MBD-i beat you to the punch on this one.  last week, i received my 12 pack of conair refills.  won the auction for $18 and got a total of 24 refills with the adapters.

to use the adapters, you have to cut off a little piece of a lip that's connected to the thermacell.  you can see this when the bottom's off.  i trimmed it just a hair and now the adapters will screw in fine.  just put some camo duct tape on the adapter so everything's hidden and it will work great!

24 refills should last me quite a while!


----------



## mpowell (Oct 12, 2004)

sgaither--i've heard of people using used up mats to disperse scents.  they do have the thermascent as well that's made specifically for the purpose of scent dispersal.  looks just like a thermacell but has different types of mats.

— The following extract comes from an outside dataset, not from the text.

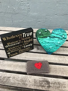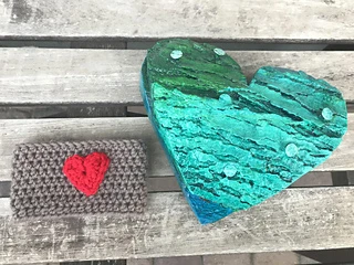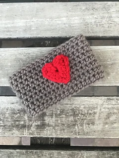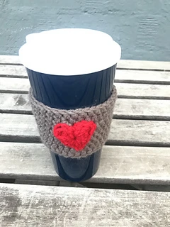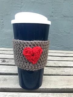 The Coffee Cozy is worked from the bottom up, and the heart is one round worked separately and sewn on to the cozy.
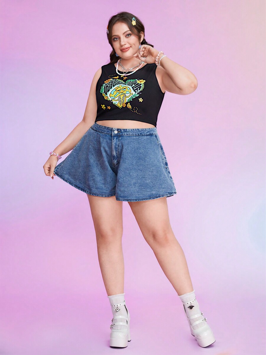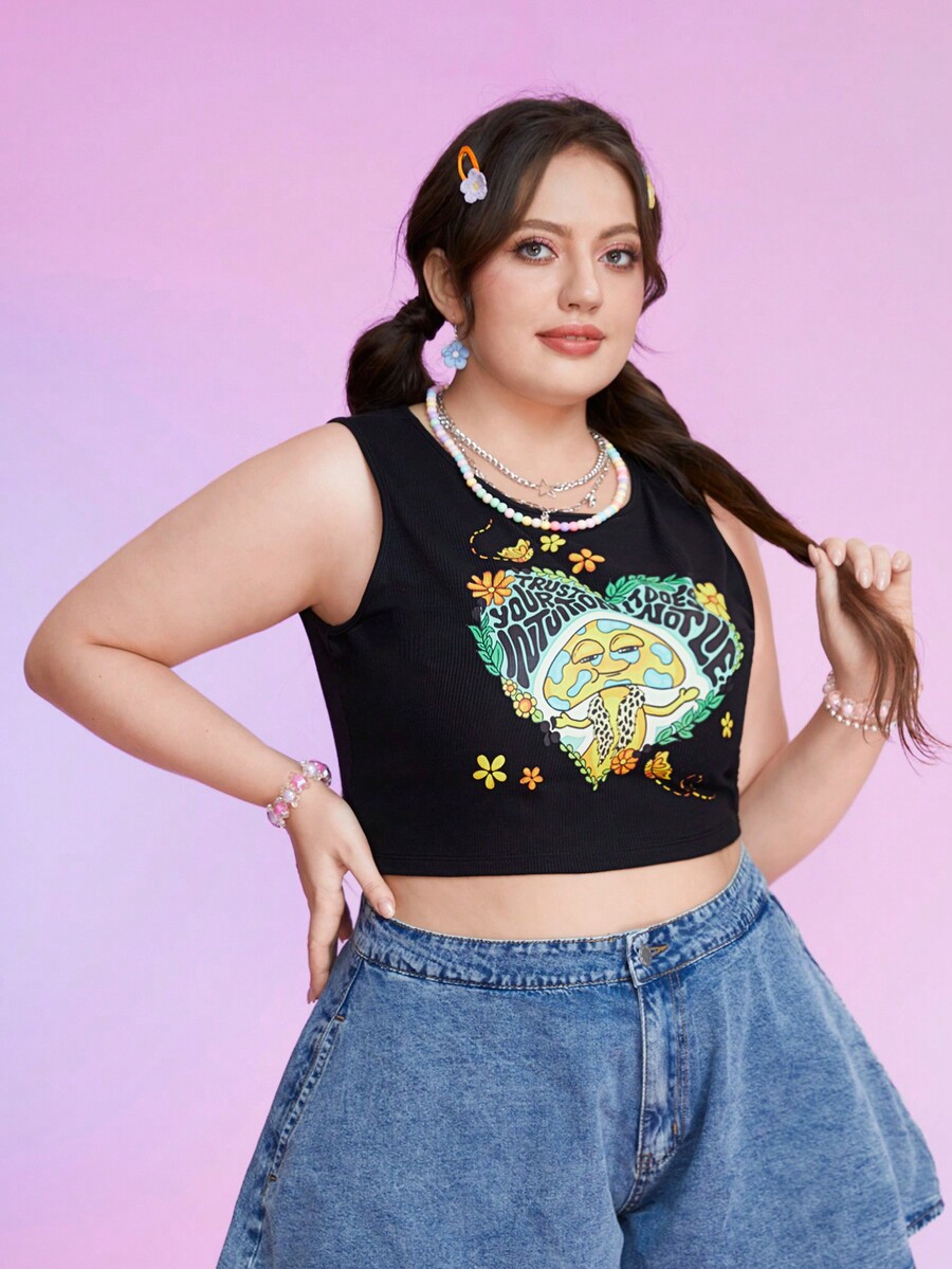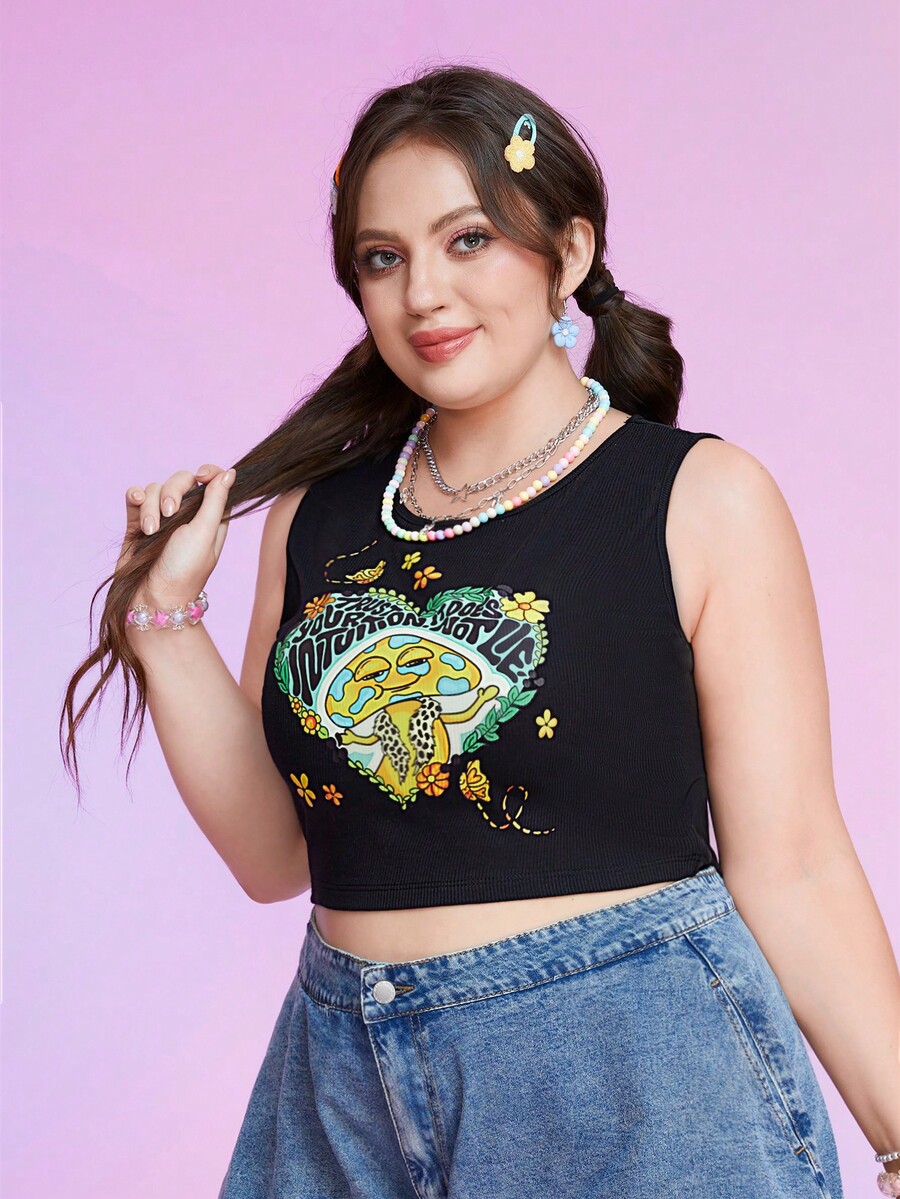 Atosha Taglie Forti Canotta con grafica lettera e cuore

i thought about putting some doe-p on my mats as well but then i also thought about having that wonderful aroma wafting up into my face for hours on end while my thermacell runs on the bottom platform of my stand!  what the heck--might try it anway!

BTW-and i posted this earlier on another thread--use the mats till they're blue on both sides.  the side facing out always gets blue quickly but if you look at the side against the element it will still be blue.  least that's my experience.  i get way more mileage out of the mats than i do the butane.  i'll use one mat all weekend which means it lasted about 9-12 hours.  hey, use them till there's no smell of repellent of the skeeters start to eat you up.  then, slip in a new one while in the stand.


----------



## Mrbowdeadly (Oct 12, 2004)

Yup yup,
     Mine fits, although I may trim it, because it could be leaking.  The auctions for the case you have that I have watched have been selling for around 5.50 to 12.00 or so, plus shipping.  As far as the mats, you get three for one thermacell.  If you only use two, you will inevitably need more butane, Hence my post!  Now, I don't know what the "secret" ingredient is, but I was thinking of citronella oil, but I don't want to start a fire, any other ideas on what to soak the mats with?????

Oh yeah, 
Mpowell, maybe you could hook our hunting bros up and get them the adaptors so they can enjoy our success.

MBD


----------